Tone is also important: While the superhero comic book field is not as relentlessly grim as it once was, the current zeitgeist is not exactly all fun and roses. Accordingly, one of my favourite titles in my stack was a reprint of Superman Action Comics that took a classical but incredibly light-hearted approach to Superman — it was a welcome change from the so-serious New 52. Batman is particularly prone to excesses of overly grim and dramatic material — although this paradoxically had me more appreciative than ever for Batman’s famous unwillingness to kill: if he did, his universe could be unbearable. (Also see: The Batman who Laughs.)

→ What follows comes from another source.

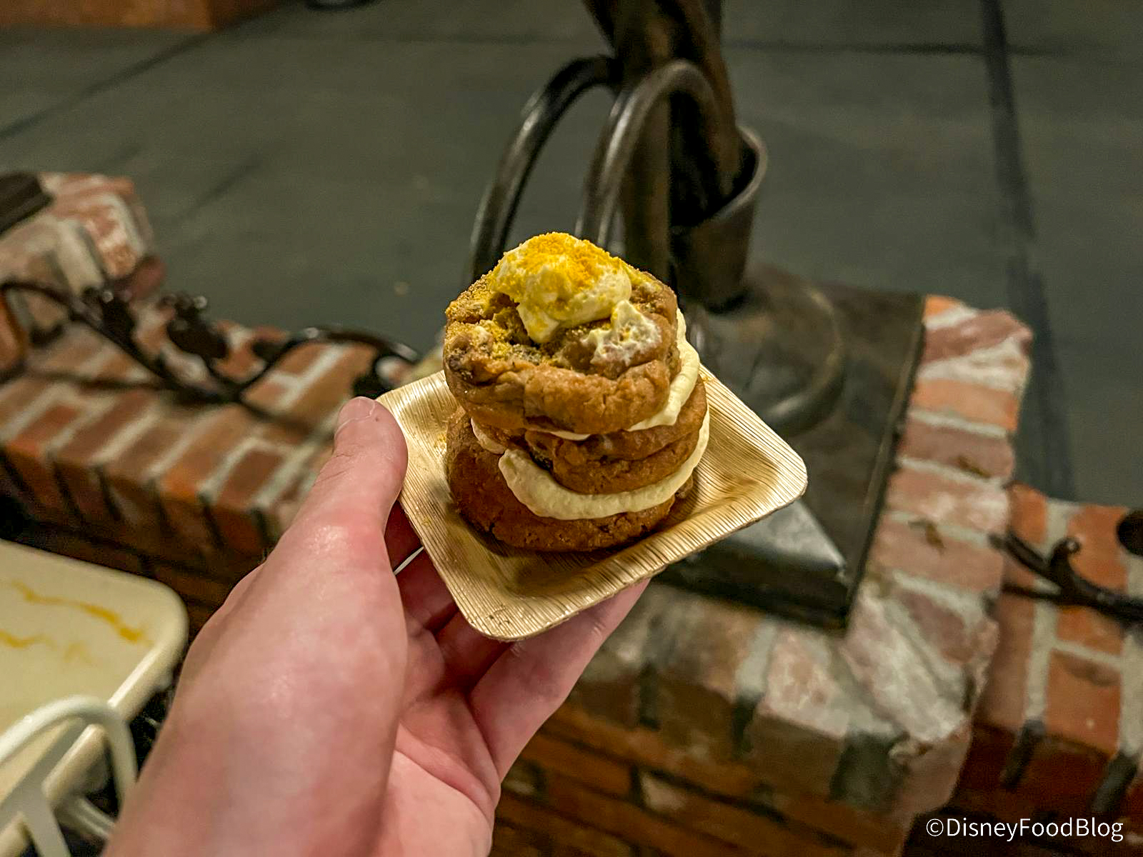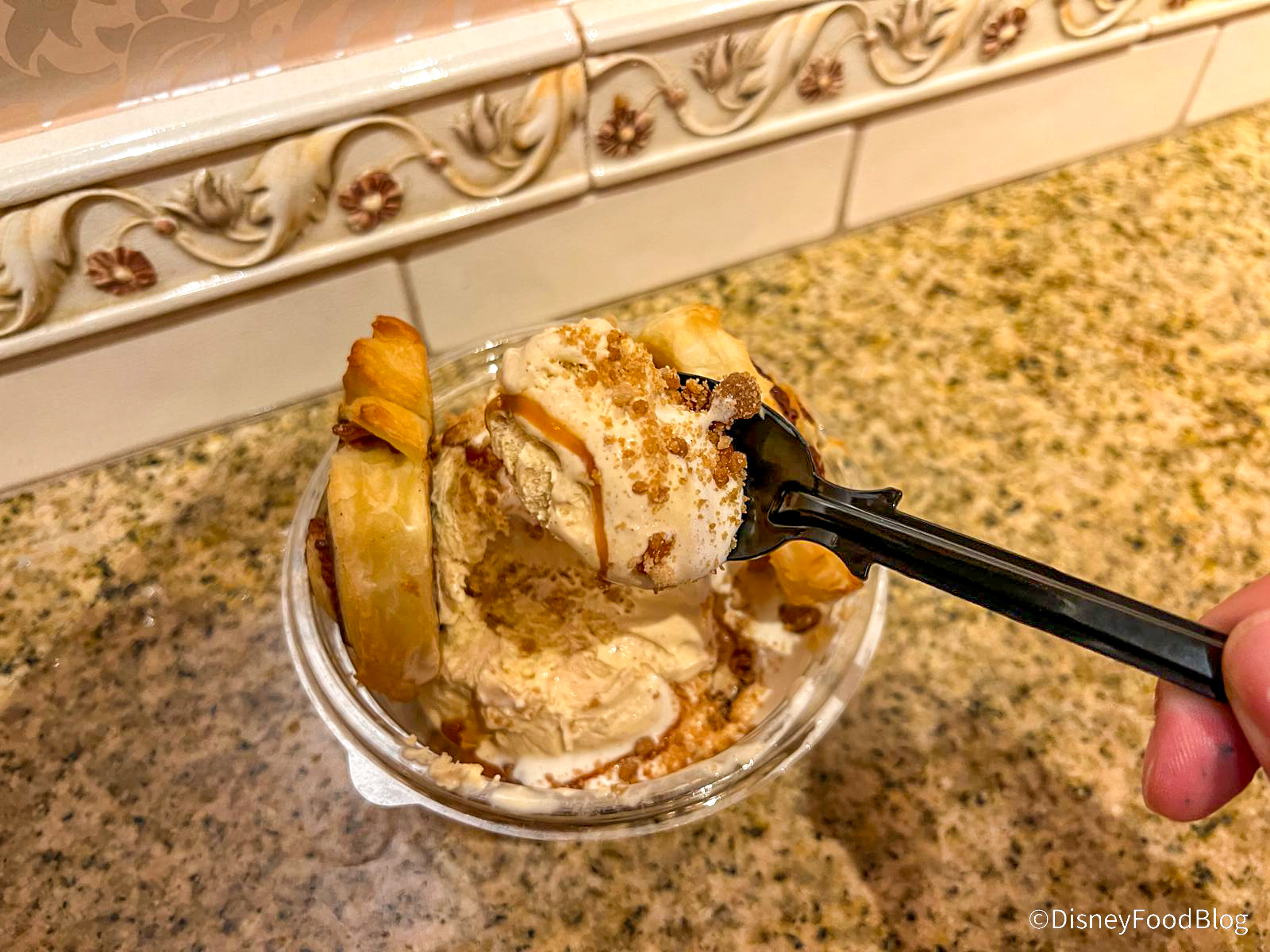 We thought this sundae was delicious! The brown sugar ice cream was sweet and had lots of cinnamon flavor. The marshmallow creme added a great sweet flavor, like the frosting on a cinnamon roll. The caramel sauce was perfect, and the streusel added a nice crunch. This is definitely a must-get dessert at Star Wars Nite.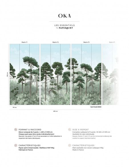 Dimension totale : Décor complet : L450 x H305cm • Pack de L150 x 305 cm (3 lés de Largeur 50cm) vendu individuellement

Inevitably, reading such a mass of superhero trade paperbacks got me interested once again in the highlights of the genre over the past decade or two. My stack was not exactly the best of what the genre had to offer, and in today’s digital distribution environment, I didn’t have to leave my house to start looking at closing some arcs left untied by the books I had on-hand, or start poking once again at the best one-shots published in recent years. I could, for instance, be quite eloquent about the homerun that is the Harleen miniseries thoroughly and finely exploring how Dr. Harleen Quinzel became Harley Quinn. I could be just as enthusiastic talking about the wonderfully comforting All-Star Superman, the amusing Batman/Dickens crossover Noel, or the inspired take on Luthor. But that may have to wait another time, as those as not your usual superhero books and I had to wade through a lot of uninspired material before getting to those. Sometimes, you have to take a look at the honest average to figure things out.
Unfortunately, this is not building up to any big revelations about the state of the art in superhero comics. It’s pretty much the same as it’s even been, albeit with better-than-ever colouring. The weaknesses and strengths of the form have remained for decades, and I don’t see any reason for them to change (although the move toward trade paperback has been a net plus, even with the often-odd stitching of dramatic arcs across books). It’s still very much a crowd speaking to each other, a fiction genre even more hermetic than most others. The recent invasion of movies by comic book tropes is not always a good thing for movies, but it may have been a shot in the arm for comic book fans, as their characters have been reimagined as more cohesive and more audience-friendly, without the baggage that often weighs down the comics themselves.
Still, coming as I do from the prose fiction world, I can’t quite shake a sentiment of narrative emptiness after finally going through my metre-deep stack of accumulated trade paperbacks. In looking over the stack, I could remember the best ones, but many of the blander books all felt generic and interchangeable with very few clear individual narrative hooks, other than “this is about Batman/Superman/Wonder Woman,” further blurred by stories beginning in one book and ending in another. I hunger for something more, something more substantial and (most of all) something with a self-contained beginning and an end. I’ll read more standalone novels, taking risks in perhaps not liking new characters but ultimately not having to constantly look up the history of every new minor character that pops up.
I’m probably not yet finished — I suspect that the local dollar store still has a few boxes of trade paperback to put on shelves and I’ll probably bring a few more of them home, even if I’m going to be more selective about my picks (this is the last time I’ve purchased a Green Lantern book, I swear). You know, just for the characters.